Day 4 Wrap Up from the NEON Data Institute 2017
/Day 4 http://neondataskills.org/data-institute-17/day4/
This is it! Final day of LUV-DATA. Today we focused on hyperspectral data and vegetation. Paul Gader from the University of Florida kicked off the day with a survey of some of his projects in hyperspectral data, explorations in NEON data, and big data algorithmic challenges. Katie Jones talked about the terrestrial observational plot protocol at the NEON sites. Sites are either tower (in tower air-shed) or distributed (throughout site). She focused on the vegetation sampling protocols (individual, diversity, phenology, biomass, productivity, biogeochemistry). Data to be released in the fall. Samantha Weintraub talked to us about foliar chemistry data (e.g. C, N, lignin, chlorophyll, trace elements) and linking with remote sensing. Since we are still learning about fundamental controls on canopy traits within and between ecosystems, and we have a poor understanding of their response to global change, this kind of NEON work is very important. All these foliar chemistry data will be released in the fall. She also mentioned the extensive soil biogeochemical and microbial measurements in soil plots (30cm depth) again in tower and distributed plots (during peak greenness and 2 seasonal transitions).
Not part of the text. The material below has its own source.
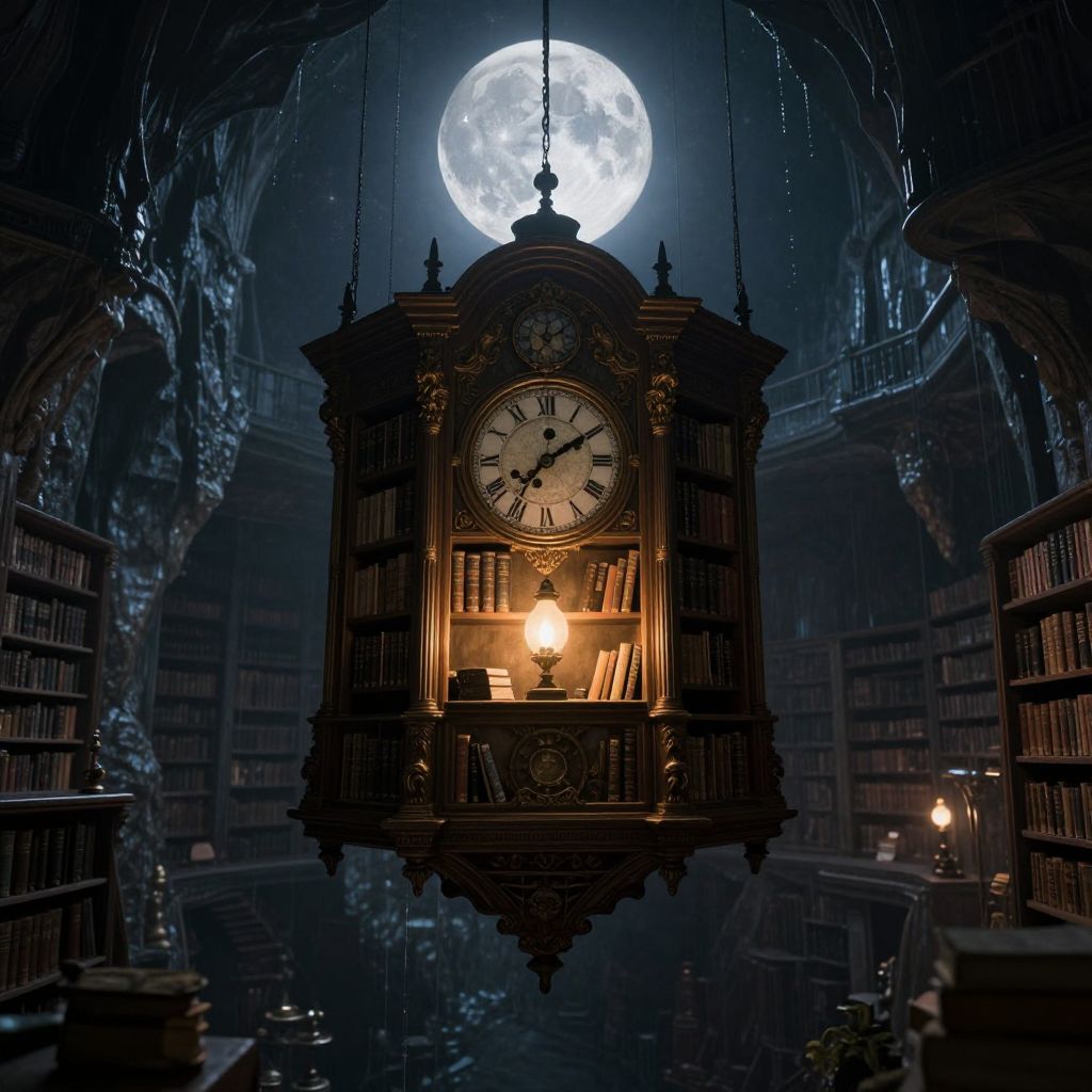 A photograph depicts a dimly lit, Gothic-style library under a bright, full moon. Central to the image is an ornate, antique clock with black and gold detailing, hanging from the ceiling and illuminated by a glowing bulb beneath it. The clock face shows the time as 10:10. Surrounding shelves are filled with dark, leather-bound books, creating a mysterious, shadowy atmosphere. The moonlight casts a bluish hue over the scene, contrasting with the warm light of the bulb. Cobwebs hang from the ceiling, adding to the eerie, old-world charm. The overall mood is haunting and atmospheric.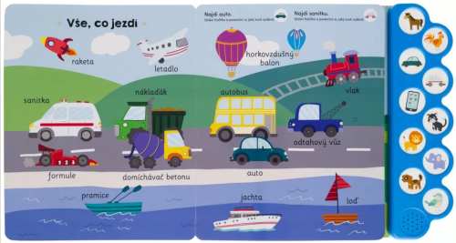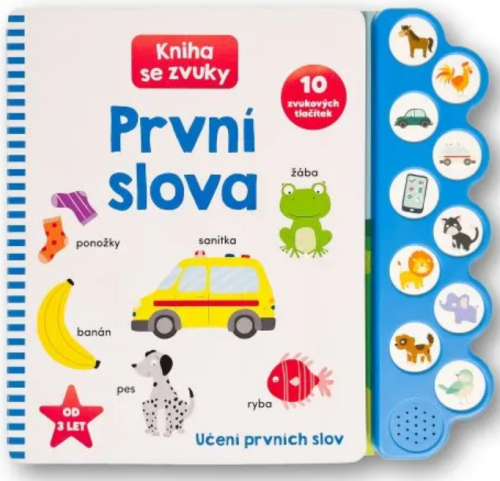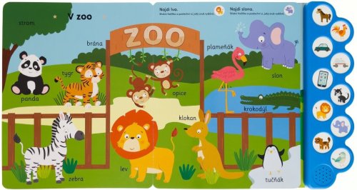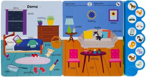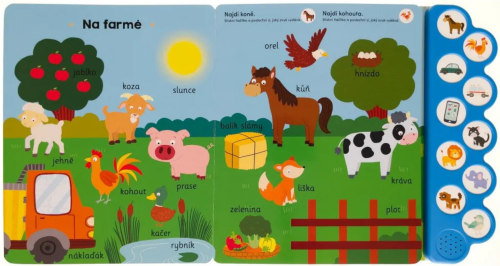 Tato zvuková kniha s deseti tlačítky s různými zvuky představí dětem okolní svět! ***** Ať už jste se svým děťátkem doma, v parku, ve městě nebo třeba v zoo, všude je spoustu věcí a zvířat k pojmenování. Bavte se při učení prvních slov s touto knihou se zvuky. Stiskněte tlačítko na zvukovém panelu vpravo a poslechněte si, jaký zvuk vydává kočka, slon, auto nebo kůň. Jednoduchý úkol na hledání správného obrázku pomůže dětem spojit si obrazové a zvukové vjemy.

The coding work focused on classifying spectra (Classification of Hyperspectral Data with Ordinary Least Squares in Python), (Classification of Hyperspectral Data with Principal Components Analysis in Python) and (Using SciKit for Support Vector Machine (SVM) Classification with Python), using our new best friend Jupyter Notebooks. We spent most of the time talking about statistical learning, machine learning and the hazards of using these without understanding of the target system.
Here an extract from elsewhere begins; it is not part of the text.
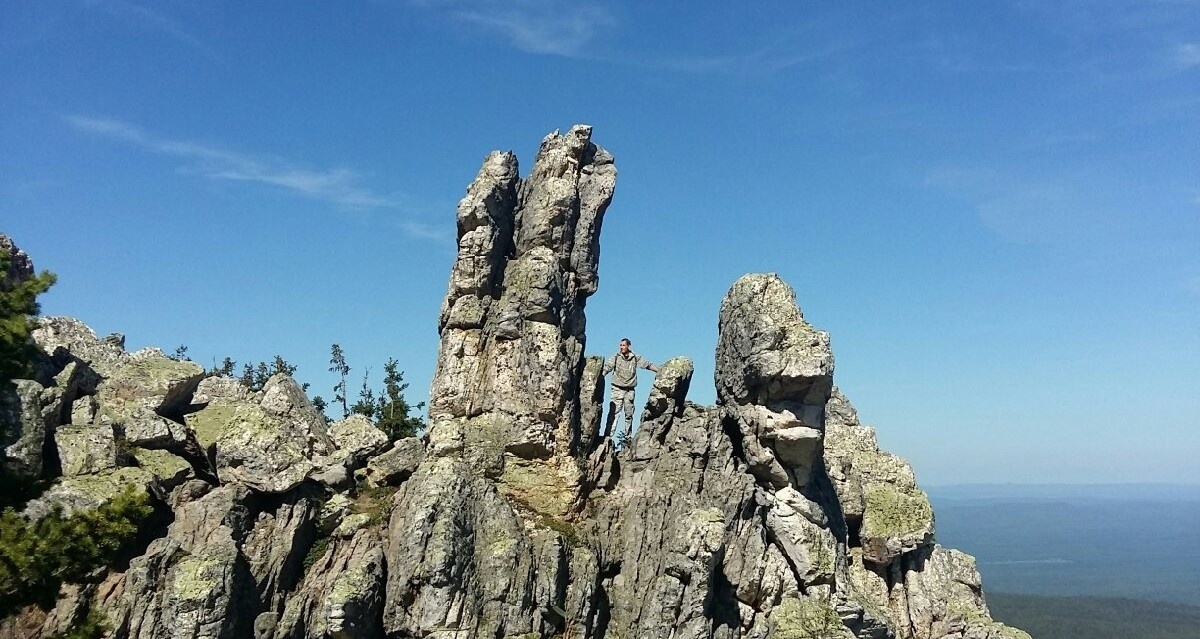 Скалы слоями торчат из земли и создается впечатление, что это крыло с перьями какой-то гигантской птицы. Ну и конечно, виды. Море тайги, уходящее волнами за горизонт, Златоуст, спрятавшийся за горами, Лбы, Митькины скалы, Откликной гребень и Круглица, выстроившиеся в ряд… Напротив, так близко и так далеко Монблан.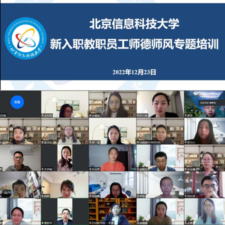 12月23日,党委教师工作部牵头组织开展了以“请党放心·强国有我——树师德,铸师魂”为主题的新入职教职员工师德师风专题培训。培训以线上方式举行,新入职的60余名教职员工参加了此次培训,党委教师工作部副部长兼人事处副处长闫健主持培训会。

Fun additional take-home messages/resources:
- NEON data seems like a tremendous resource for research and teaching. Increasing amounts of data are going to be added to their data portal. Stay tuned: http://data.neonscience.org/home
- NRC has collaborated with NEON to do some spatially extensive soil characterization across the sites. These data will also be available as a NEON product.
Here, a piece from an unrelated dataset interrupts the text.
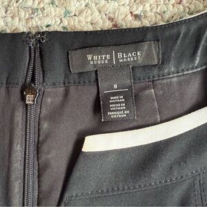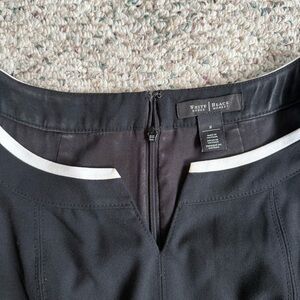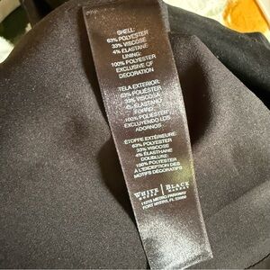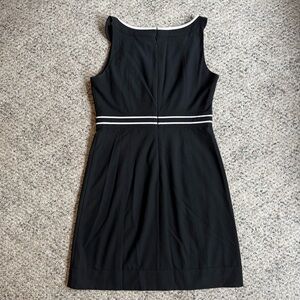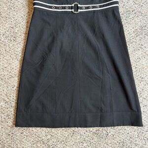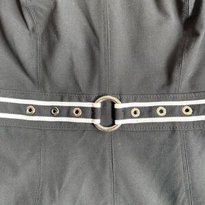 Elegant black mini dress with white accents. Features a sleek belt detail. Ideal for versatile styling. Minor signs of wear, some discoloration along sleeve/inner neck. See photos for condition.

- Fore more on when data rolls out, sign up for the NEON eNews here: http://www.neonscience.org/
Thanks to everyone today! Megan Jones (ran a flawless workshop), Paul Gader (remote sensing use cases/classification), Katie Jones (NEON terrestrial vegetation sampling), Samantha Weintraub (foliar chemistry data).
And thanks to NEON for putting on this excellent workshop. I learned a ton, met great people, got re-energized about reproducible workflows (have some ideas about incorporating these concepts into everyday work), and got to spend some nostalgic time walking around my former haunts in Boulder.